Statute of Limitations is about how long you have to file the case, by no means is it a deadline by which you must fully prove damages and have no opportunity to continue your case after it passes.
Apple fears the tariffs.
See: https://en.wikipedia.org/wiki/Qualified_immunity
https://en.wikipedia.org/wiki/Sovereign_immunity_in_the_Unit...
> The parties acknowledge that monetary damages may not be a sufficient remedy for unauthorized disclosure or use of Confidential Information [...list ways Apple is allowed to nail disclosing partner...]
The law is that you have to submit your schematics to the FCC if you want to sell a device with wireless communications so the FCC can validate that you aren't improperly using the wireless spectrum.
The US might be corporate captured but it's not THAT corporate captured. The US government still has a bigger stick than apple does.
For competitors they're useless anyway - the big guns (think Samsung, Apple, Motorola, ...) all know how to design a smartphone and none of them will want to get caught copying a competitor. Chinese cloners and repair shop suppliers somehow manage to reverse engineer even highly complex PCBs in a matter of weeks, to the tune you can walk around in Shenzen and have a multitude of deepest level repair options, including upgrades by reballing and replacing storage options that Apple doesn't even offer.
But actual repair shops and repair cafes here? They would greatly benefit from having quality documentation and access to tools.

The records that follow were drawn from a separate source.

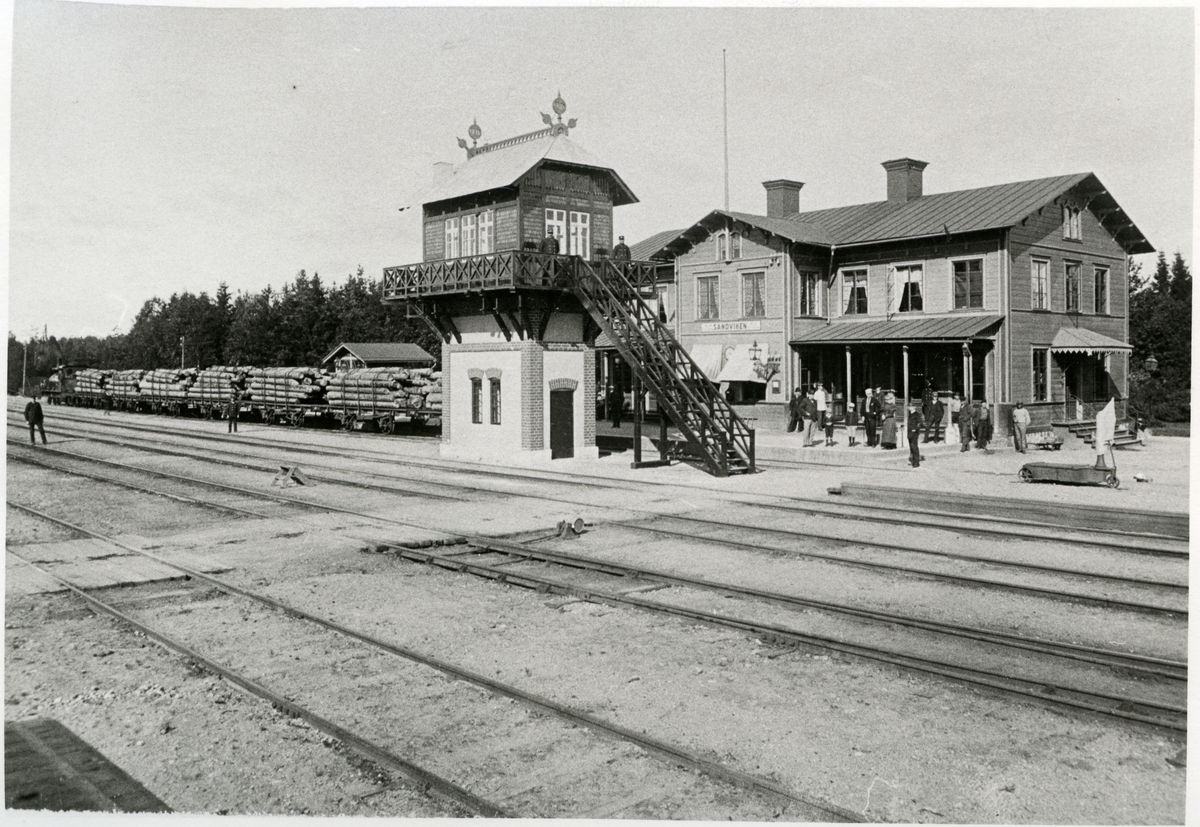 Titel: Godsvagnar lastad med timmer. Personal på bangården.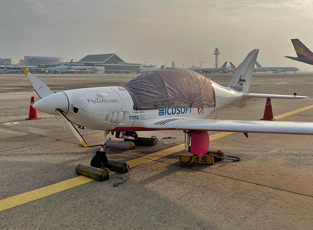 ▲ 최연소 여성으로서 세계일주 단독비행에 도전 중인 벨기에·영국 국적의 자라 러더포드의 경비행기가 11일 오후 서울 김포공항에 착륙해 있다./자라 러더포드 페이스북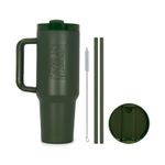 100% acero inoxidable. Apto para portavasos. Sin contenido bpa. No es antiderrame. Mantiene las bebidas calientes o frías. Aislamiento de doble pared. Tapa multifuncional. Fácil de llevar. Capacidad de 1200ml (40oz).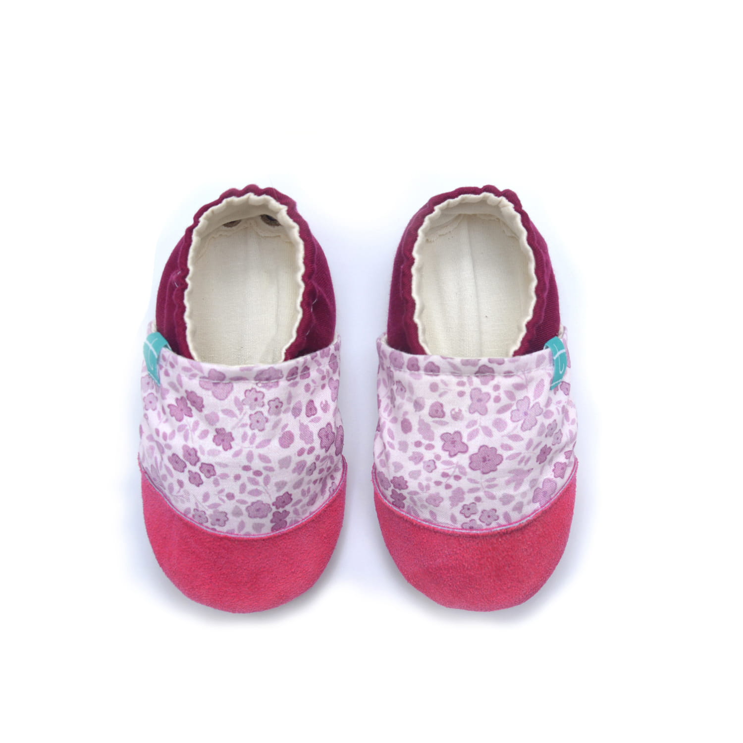 Wyjątkowym akcentem kolorystycznym, który dodaje energii i charakteru, jest intensywny kolor fuksji zdobiący nosek kapci. Ten żywy odcień kontrastuje z subtelnym kwiatowym wzorem, przyciągając wzrok i dodając nowoczesności. Z kolei elegancka piętka w głębokim odcieniu burgundu nadaje kapciom wyrafinowanego wyglądu i zapewnia dodatkowe wsparcie dla małej stopy.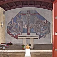 Im Rahmen des Wiederaufbaus wurde an der Stelle des früheren Pfarrhauses die Gedächtniskapelle errichtet, die 1954 eingeweiht werden konnte. Die Altarwand dieser Gedächtniskapelle schmückt ein von der damals 26-jährigen Pforzheimer Künstlerin Eugénie Trösch-Hettich gefertigtes Sgraffito-Relief. Es zeigt das zerstörte Pforzheim mit der Ruine der Herz-Jesu-Kirche. Der Gekreuzigte richtet seinen Blick auf Bilder menschlichen Elends und segnet mit seinen angenagelten Händen die Stätte des Jammers.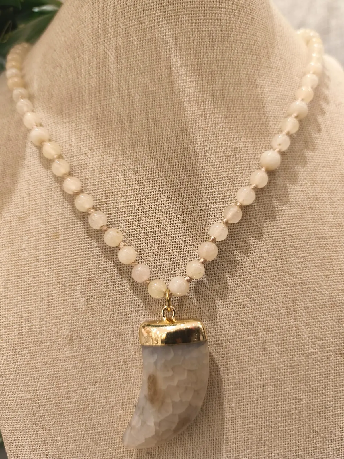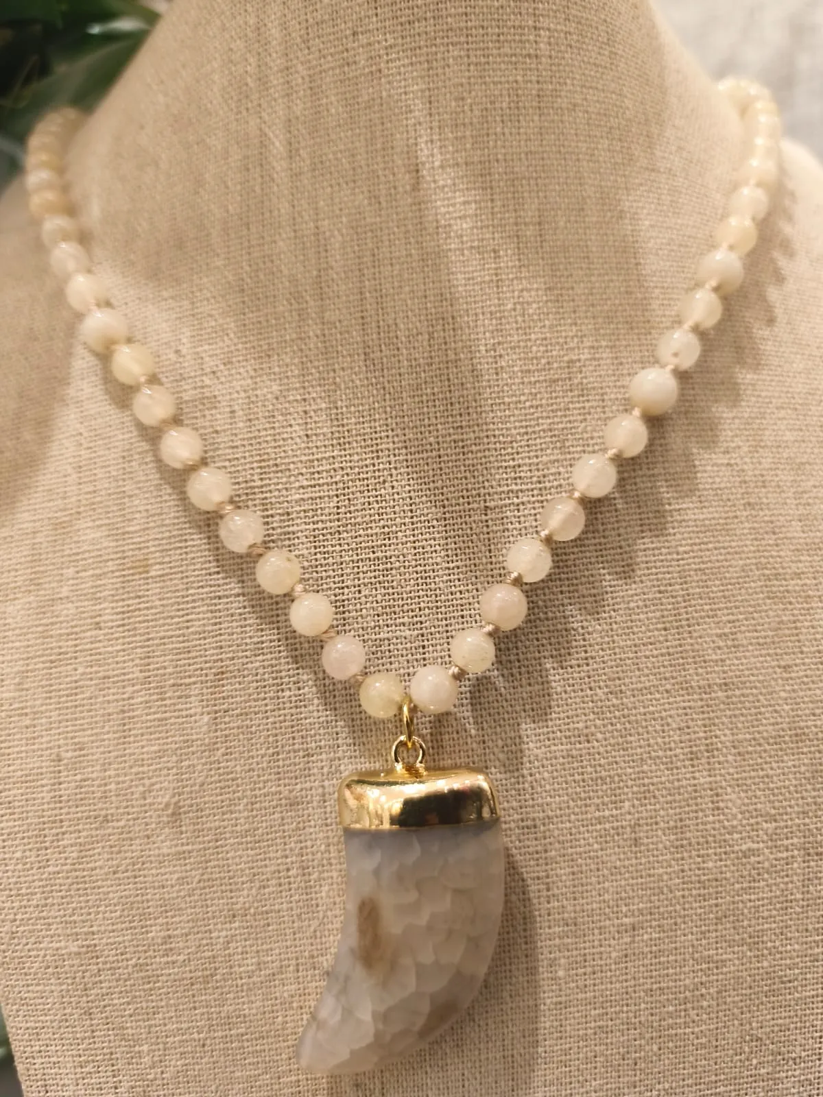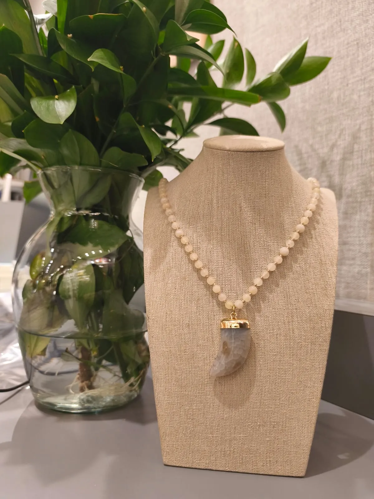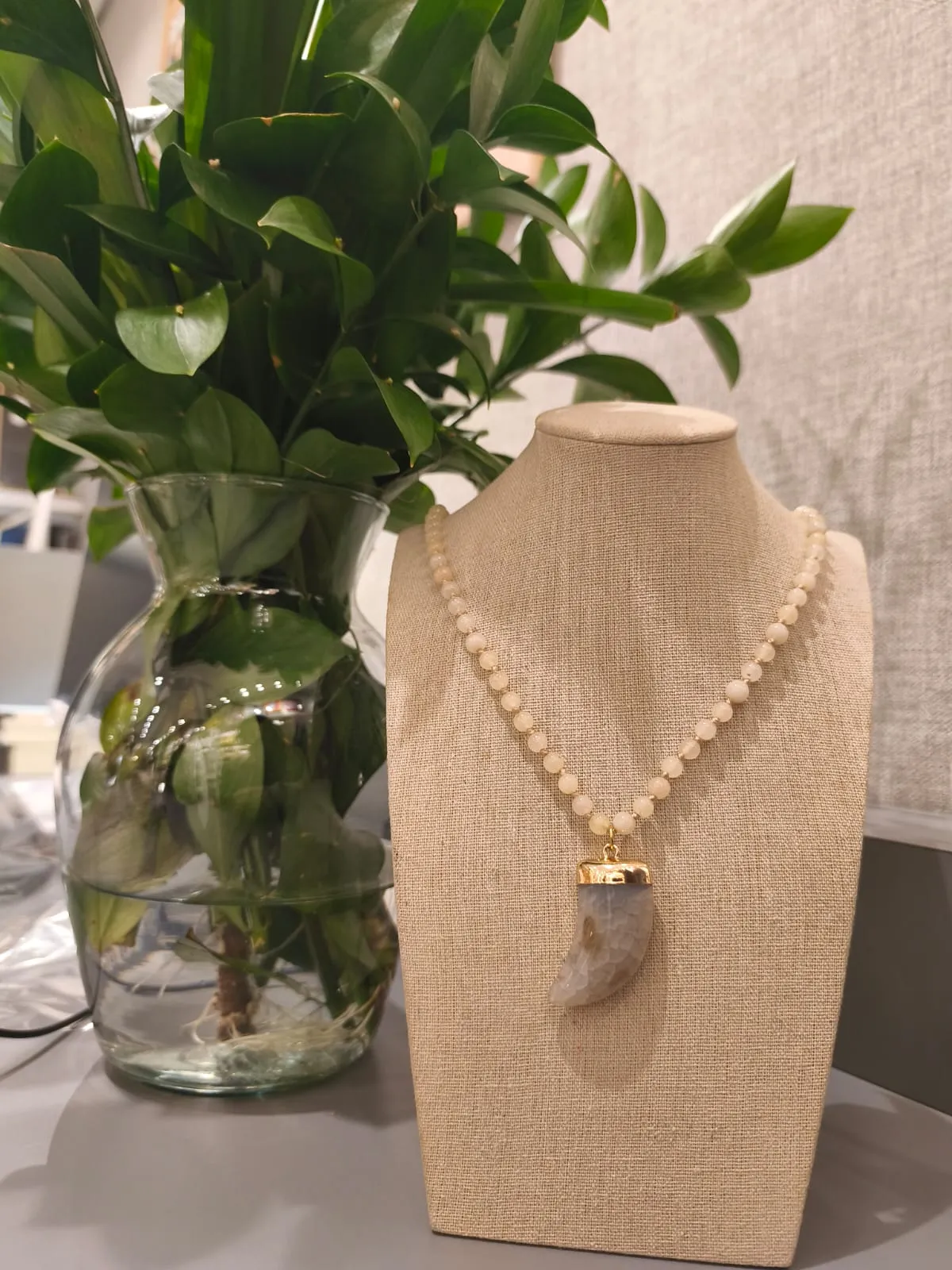 O colar pedras off PG é uma peça marcante e elegante, que une elementos naturais e acabamento sofisticado. Composto por contas arredondadas em tom off white e um pingente em formato de dente com detalhe dourado, ele traz uma estética contemporânea com toque orgânico. O contraste entre o fosco das pedras e o brilho metálico do dourado cria um visual equilibrado e cheio de estilo.
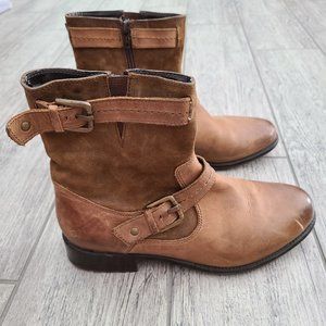 Clarks women's biker boots brown leather mid calf buckles size 8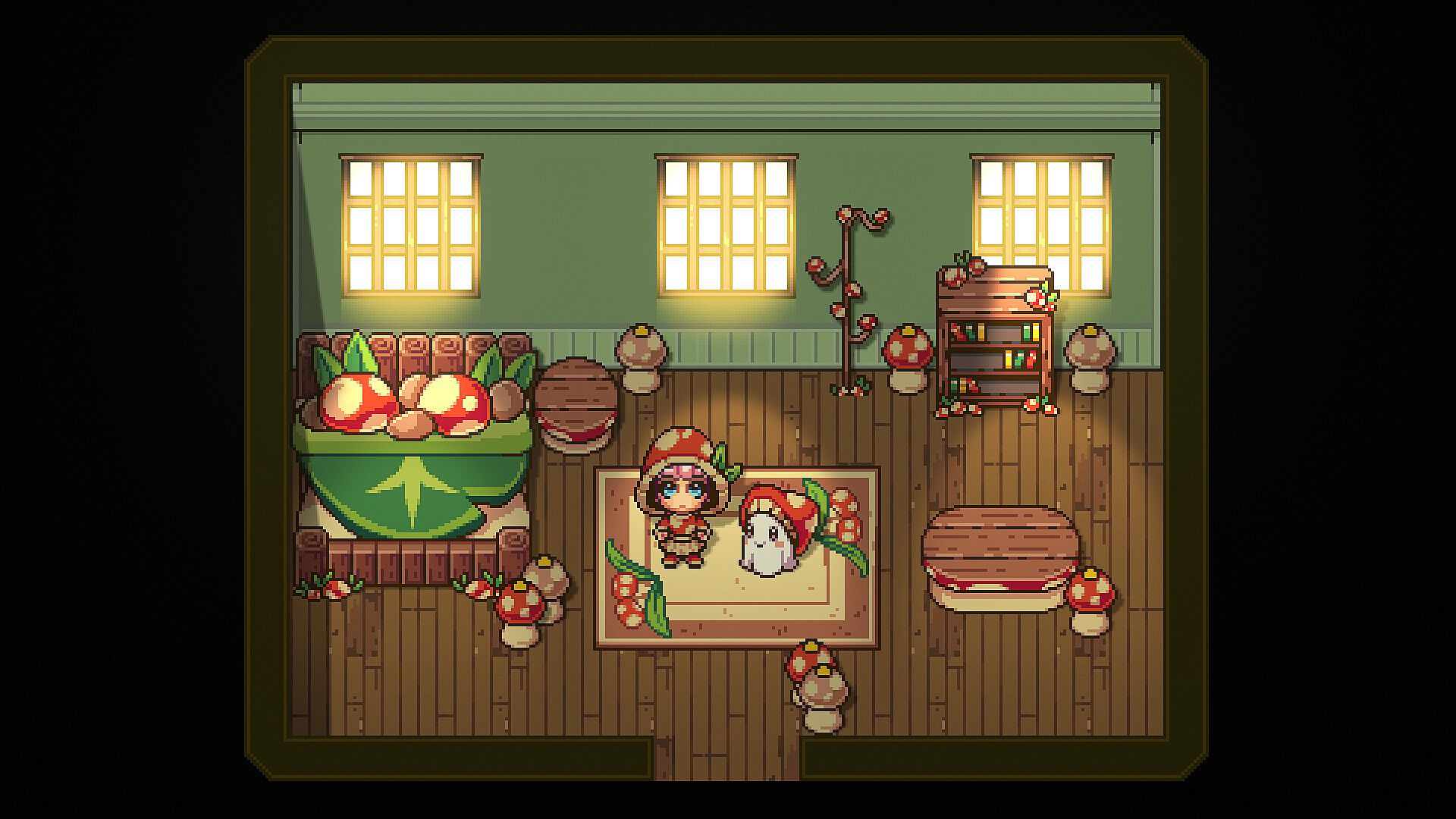 - Mushroom Furniture Set including: Tables, a Bookshelf, a Rug, a Bed, and 2 Decorations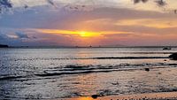 De afbeelding is een beschrijving van een schilderachtige zonsondergang boven de oceaan, waarbij de zon een warme, gouden en oranje gloed over de lucht en het water werpt. De scène toont een zand- of rotsstrand op de voorgrond, met zachte golven die breken op de kust, en verschillende kleine boten en verre landmassa's in silhouetten…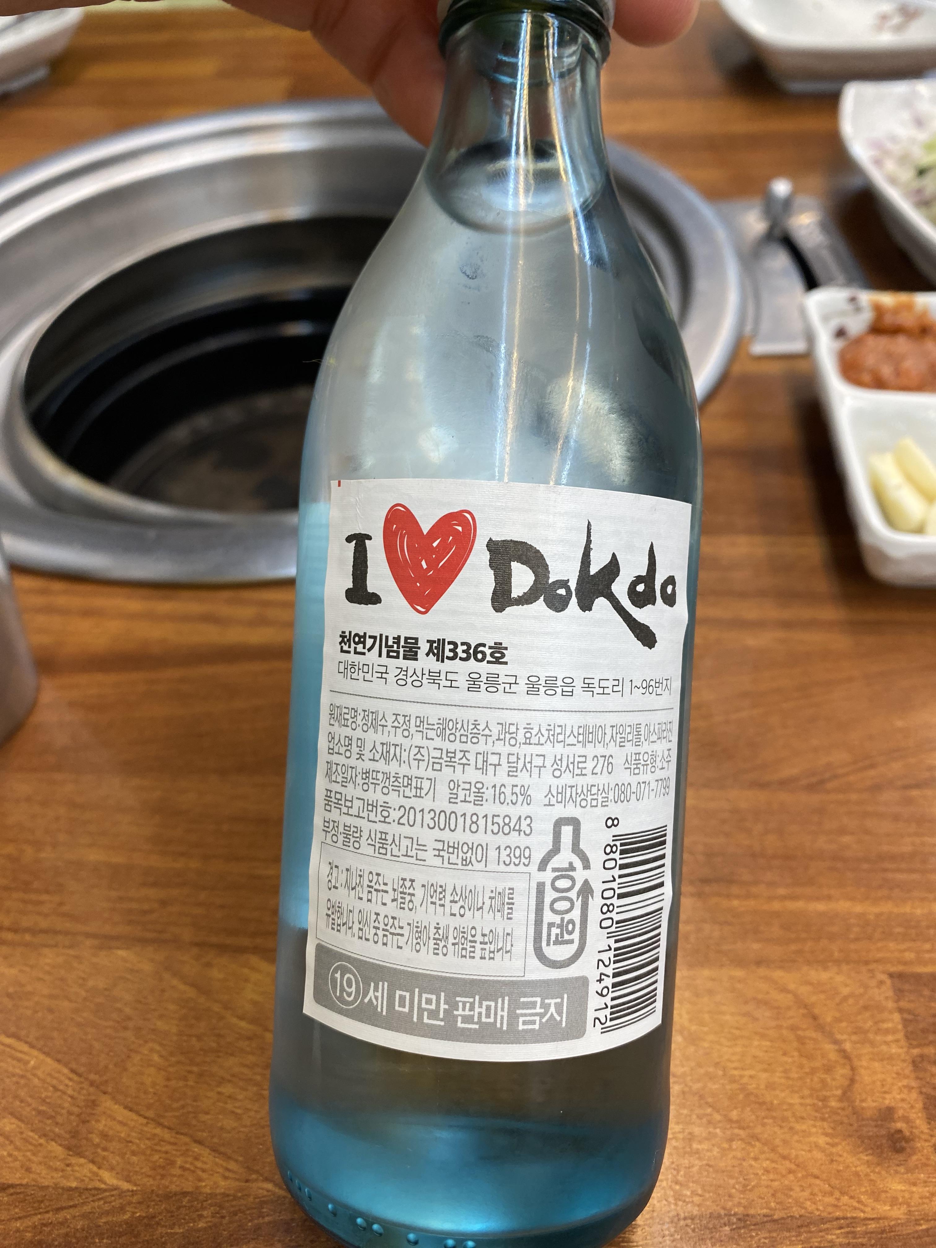 울릉도 왔으니 독도 소주는 맛봐야겠쥬~ 근데 울릉도도 경북이라 금복주에서 만든 독도 소주입니다. 맛은 당연히 좋을 수밖에 없습니다. 지치고 힘든 하루였는데 돼지갈비에 한꼬푸 하니 캬~~ 특별히 더 맛있는 소주인지는 모르겠으나 울릉도니께 모든 게 특별하게 느껴지는 맛입니다.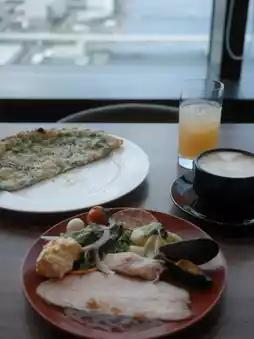 The breakfast, which I was looking forward to, was also luxurious and very satisfying.🤤 I chose pizza as my main course, and the chewy crust was absolutely delicious. I highly recommend it.🍕 The buffet, especially the roast pork, was so good I ate a lot!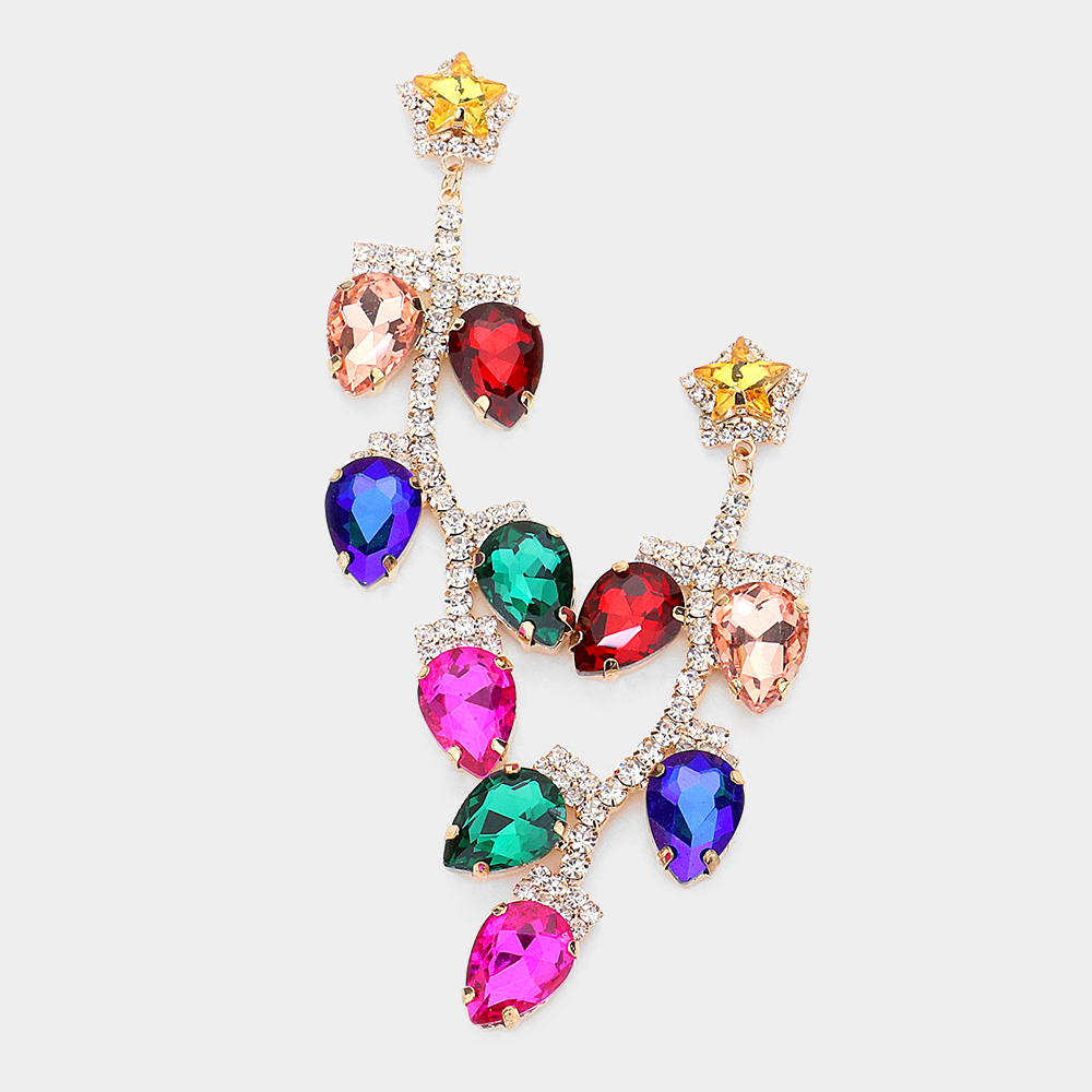 Teardrop Stone Cluster Pointed Chandelier Dangle Evening Earrings

Schematics for high-density boards like this are not as informative as you might expect. It's mostly connections between balls of ICs and the values of passives here and there. The values of those passives can be measured from parts salvaged from boards if necessary. More likely, the technician would simply steal the part from another PCB that has been scrapped.
There have been a few videos posted here or showing up on my YT feed for phone repairs, iirc the voltage/battery regulators are things that do like to fail (and pretty obviously, when looking at the pcb with a heat camera).
Those are actives. On a highly integrated device like this it would most likely be an application-specific PMIC (power management IC) that isn't generally available. It would be an IC that would be salvaged from one board and transferred to another.
The PMIC for a modern SoC is tightly integrated with the SoC. It handles power management, supply sequencing and timing, transitions between power states, standby modes, battery charging, and communication with the SoC. There is digital communication between the SoC and the PMIC to control all of this.
This isn't something you kludge together with a microcontroller and some off the shelf parts.
I haven't seen modern SoCs with tightly integrated PMICs like you're describing, but they could certainly exist. But if they're not using an off-the-shelf chip, why don't they just integrate their power management functions into the SoC? Not enough balls?
Phones do not have electrolytic capacitors because they are too small.
However, some schematics are for products only used internally - like Google TPU’s or some cellular radio access network equipment. I think that there exist FCC-approved devices for which the public does not have any interest in the schematics and can remain private.
The schematics aren’t really “secret” in the sense of a recipe. There’s not really a way to precisely determine the recipe for a particular food product, it’s more of a process than just a list of ingredients.
Schematics are right there inside the physical circuit board for anyone to inspect. You already give them away with every product. It’s just expensive to reverse engineer.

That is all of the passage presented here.